Records for the exercise |
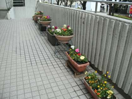 主事さん方も今日の訓練に参加していただきました。自転車の整理や物品の対応などさまざまにご活躍ありがとうございましたまた、先週とどいた花もプランターに移し替えていただきました。本日も正門で、来校のみなさまをお出迎えしています。 (副校長)
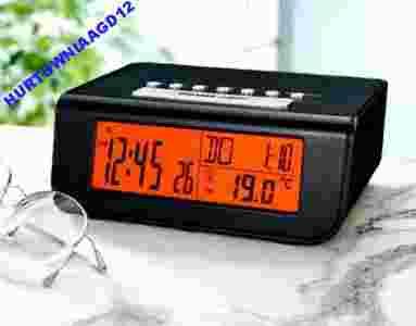 Radiobudzik z podświetlanym na bursztynowo wyświetlaczem, dzięki któremu zawsze czytelne sprawdzisz dokładny czas, datę, dzień tygodnia i temperaturę w pomieszczeniu.
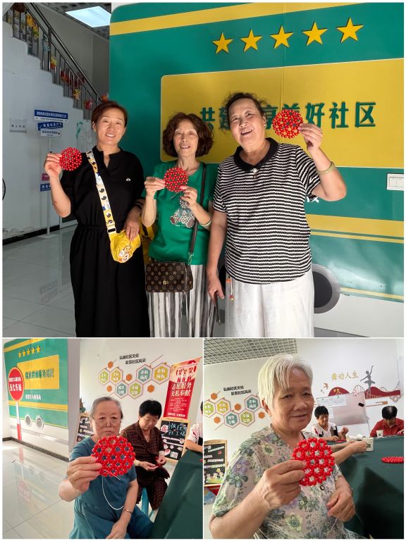 稍后进行的串珠手工中,社工带领小组成员进行“悦动指尖”的手指操练习,充分调动了手指的灵活性和手眼协调性。手指操为指关节的运动做了充足的准备,接下来大家飞线走珠,将学习过程中的难点通过互相交流讨论逐步攻破,不一会精致的串珠杯垫就跃然出现。大家分分感慨刚才还散落珠盘的各色彩珠,不一会就变成了精美的工艺品,真是成就感满满。
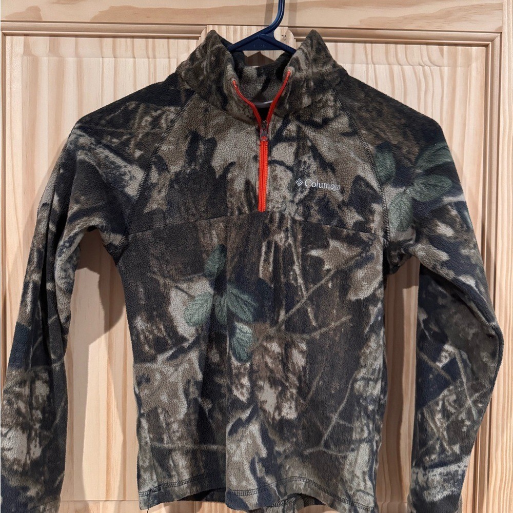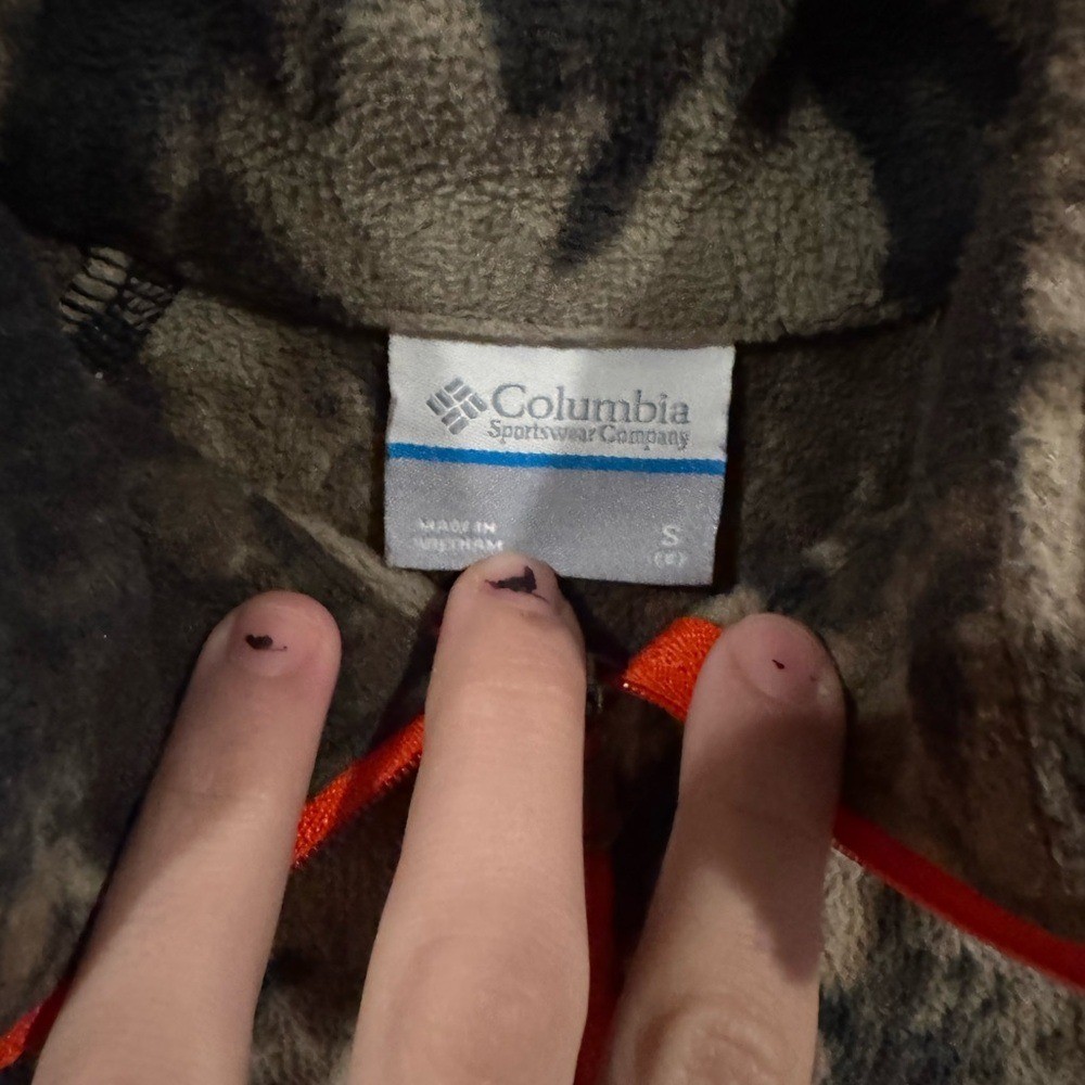 Columbia Kids Camo Fleece Quarter Zip Pullover Brown Green Orange Small 8
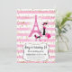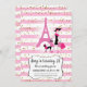 Cartons d'invitation rose pour fête d'anniversaire française pour fille. Voici un magnifique modèle d'invitation avec la Tour Eiffel. Vous pouvez modifier votre nom et d'autres détails pour inviter vos amis à la fête. Choisissez d'autres produits avec design français rose pour la fête dans notre collection.
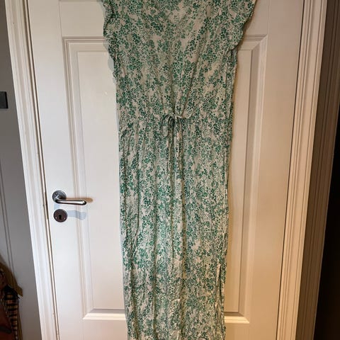 ICHI sommerkjole i størrelse M. Kjolen er laget i viskose og har et flerfarget mønster med grønt og hvitt. Modellen er ermeløs med V-utringning og en knapp foran, samt knyting i midjen for bedre passform. Lengden er ankellang/maksikjole. Stoffet er lett og mykt, egnet til bruk på varme dager. Material- og vaskeinformasjon fremgår av lappen på innsiden av plagget.
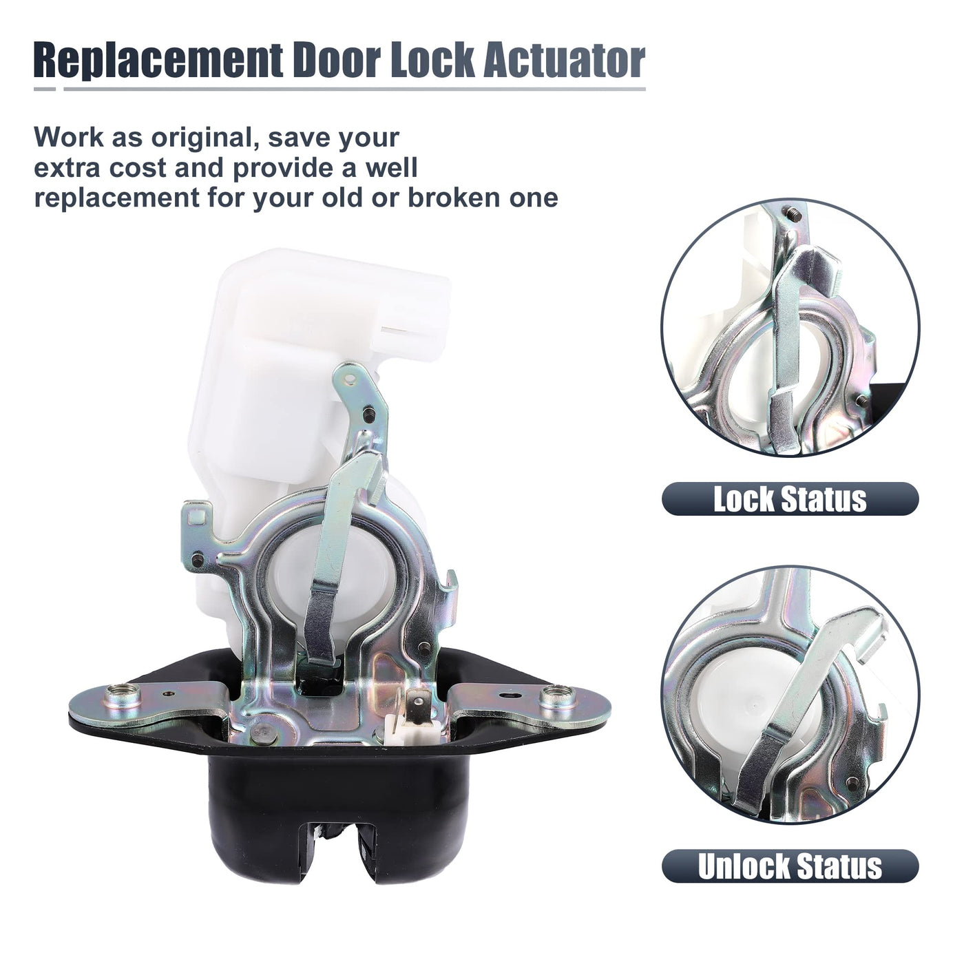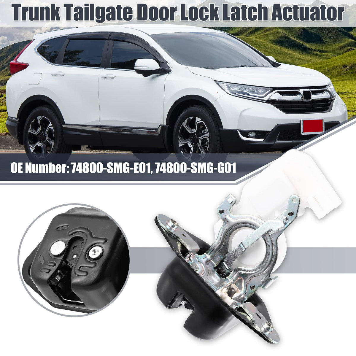 OE Number: 74800-SMG-G01, 74800-SMG-E01Fitment:For Honda CR-V EX, EX-L, LX 2.4L L4-Gas 2007 2008 2009 2010For Honda CR-V EX, EX-L, LX, SE 2.4L L4-Gas 2011For Honda Pilot EX, EX-L, LX 3.5L V6-Gas 2009 2010 2011Please confirm car make, model, year and OE number before purchaseSpecificationCondition: NewColor: Black, WhiteMaterial: Plastic, MetalNumber of Pin: 2 Size: 13.5x6.6x11.5cm / 5.31inx2.60inx4.53inHole Inner Diameter: 7mm / 0.28''Installation Position: TailgateFitment Type: Direct replacementInclude: 1 x tailgate lock actuator motorWhy need to replace trunk latch?Trunk lock wouldn't engage on the actual hook down the bottomRear Trunk latch can't closed, lock or unlock remotelyThe original latch actuator was broken/damgeHow to install rear trunk lid lock latch actuator?Remove the guard board.Take trunk release cable and side pin, loosen install bolts.Link the new latch and tight bolts, connect the cable and pin.Above is for reference, please search video ''For Honda CR-V/Pilot Trunk Latch replacement'' when replace it in doubt.NoticeThis is a non-OEM product, accessory only!
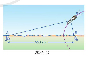 Dọc theo bờ biển, người ta thiết lập hệ thống định vị vô tuyến dẫn đường tầm xa để truyền tín hiệu cho máy bay hoặc tàu thủy hoạt động trên biển. Trong hệ thống đó có hai đài vô tuyến đặt lần lượt tại địa điểm A và địa điểm B, khoảng cách AB = 650 km (Hình 18). Giả sử có một con tàu chuyển động trên biển với quỹ đạo là hypebol nhận A và B là hai tiêu điểm.
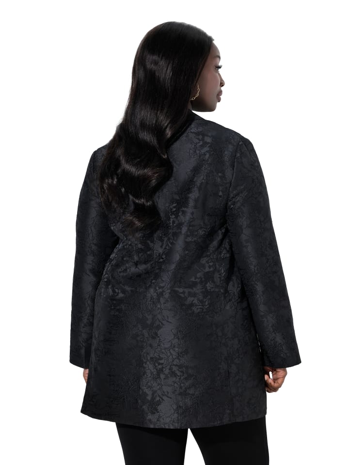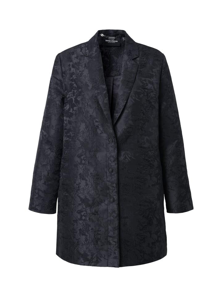 Жакет удлиненного А-силуэта из высококачественного жаккарда с цветочным рисунком. Отложной воротник, потайная планка на пуговицах и незаметные карманы в швах. Длинные рукава и подол с разрезами. Подкладка Smooth Selection.
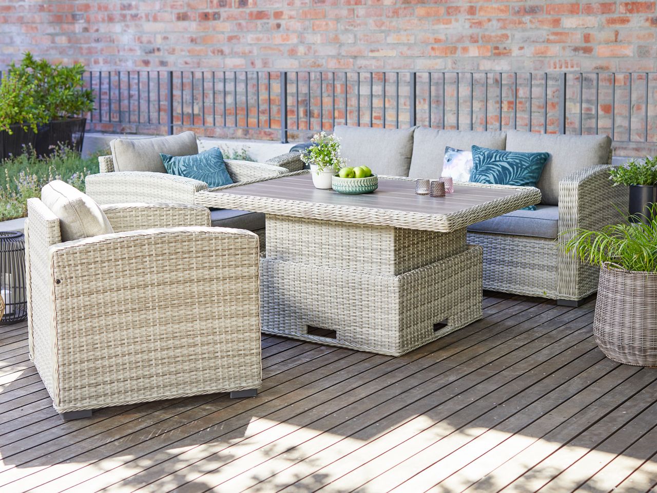 Καταρχήν, ανανεώσαμε τα έπιπλα κήπου, γιατί στο JYSK ανακαλύψαμε τα πιο στιλάτα και λειτουργικά σετ που κάνουν τη ζωή μας πιο άνετη. Το σαλόνι κήπου FJELLERUP από συνθετικό ρατάν, με το «μαγικό» τραπέζι, ήταν το Α και το Ω των αγορών μας. Περιλαμβάνει τριθέσιο καναπέ και 2 καρέκλες, αλλά και το super πρακτικό τραπεζάκι. Είναι φανταστικό, αφού από coffee table ως δια μαγείας μεταμορφώνεται σε τραπέζι τραπεζαρίας για να σερβίρω το δείπνο μας!
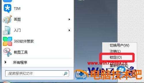 2、如果这个不会没关系,教你个简单的,点击开始菜单,打开关机按钮的下拉框,点击锁定,便能锁定电脑。
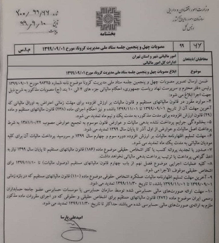 در این نامه آمده است: مصوبات چهل و پنجمین جلسه ستاد ملی مدیریت کرونا موضوع نامه شماره ۹۸۳۲۵ مورخ ۱۳۹۹/۰۹/۰۱ رئیس دفتر محترم و سرپرست نهاد ریاست جمهوری، احکام مالیاتی جزء های ۲ الی ۱۰ بند (ج) مصوبات مذکور به شرح ذیل جهت اجرا ابلاغ می شود:
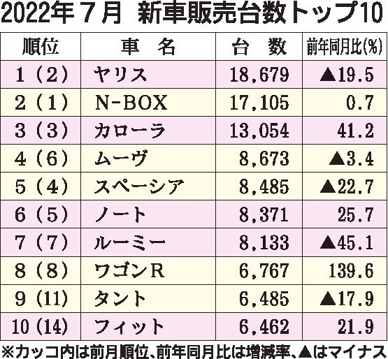 2022年7月の車名別新車販売台数は、トヨタ「ヤリス」が2カ月ぶりに首位へ返り咲いた。2位のホンダ「N―BOX(エヌボックス)」は、ヤリスに1600台ほど届かなかった。3位にはトヨタ「カローラ」が2カ月連続で入り、上位3車種のみが販売台数で1万台を超えた。上位10車種のうち、追加車種を投入したスズキ「ワゴンR」は前年同月実績を大幅に上回った。
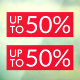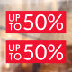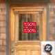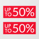 For sale window cling with white text "up to 50%" on red background. You can change the percentage in the template field.
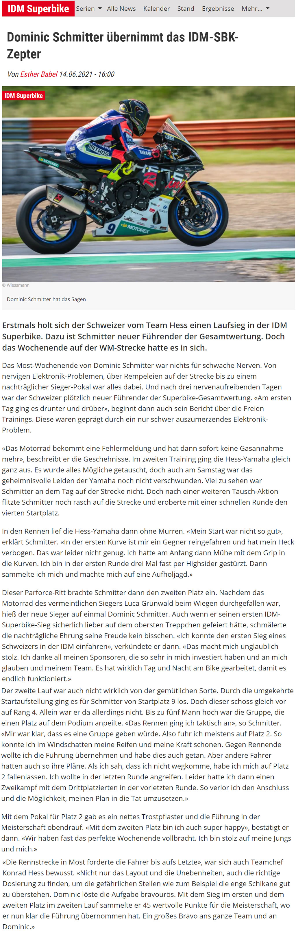 Aber ich kann zufrieden mit der Leistung vom gesamten Team und mir sein. Wir haben trotz der Widrigkeiten nicht aufgegeben und schlussendlich das Optimum an diesem Wochenende geschafft. Wir als HESS Racing Team führen erstmals das Klassement der IDM Superbike mit 14 Punkten Vorsprung an.
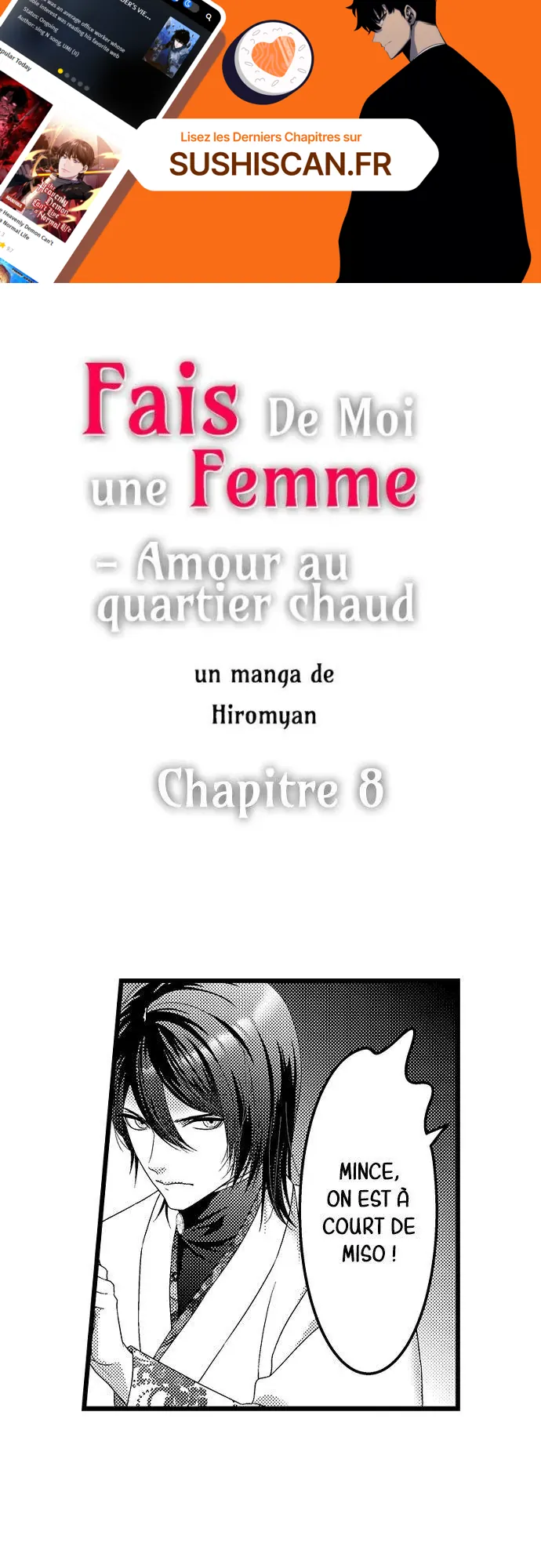 Lisez le dernier manga Fais de moi une femme – Amour au quartier chaud Chapitre 8 sur SushiScan. Le manga Fais de moi une femme – Amour au quartier chaud est toujours mis à jour sur SushiScan. N'oubliez pas de lire les autres mises à jour de manga. Une liste de collections de manga SushiScan se trouve dans le menu Liste de manga.

Directions |
Transcribe, word for word, the lines of the listing above from the one that contains "Columbia Kids Camo" through the one that contains "Cartons d'invitation rose", keeping both ends and dropping the pictures.

Result for this task |
 Columbia Kids Camo Fleece Quarter Zip Pullover Brown Green Orange Small 8
 Cartons d'invitation rose pour fête d'anniversaire française pour fille. Voici un magnifique modèle d'invitation avec la Tour Eiffel. Vous pouvez modifier votre nom et d'autres détails pour inviter vos amis à la fête. Choisissez d'autres produits avec design français rose pour la fête dans notre collection.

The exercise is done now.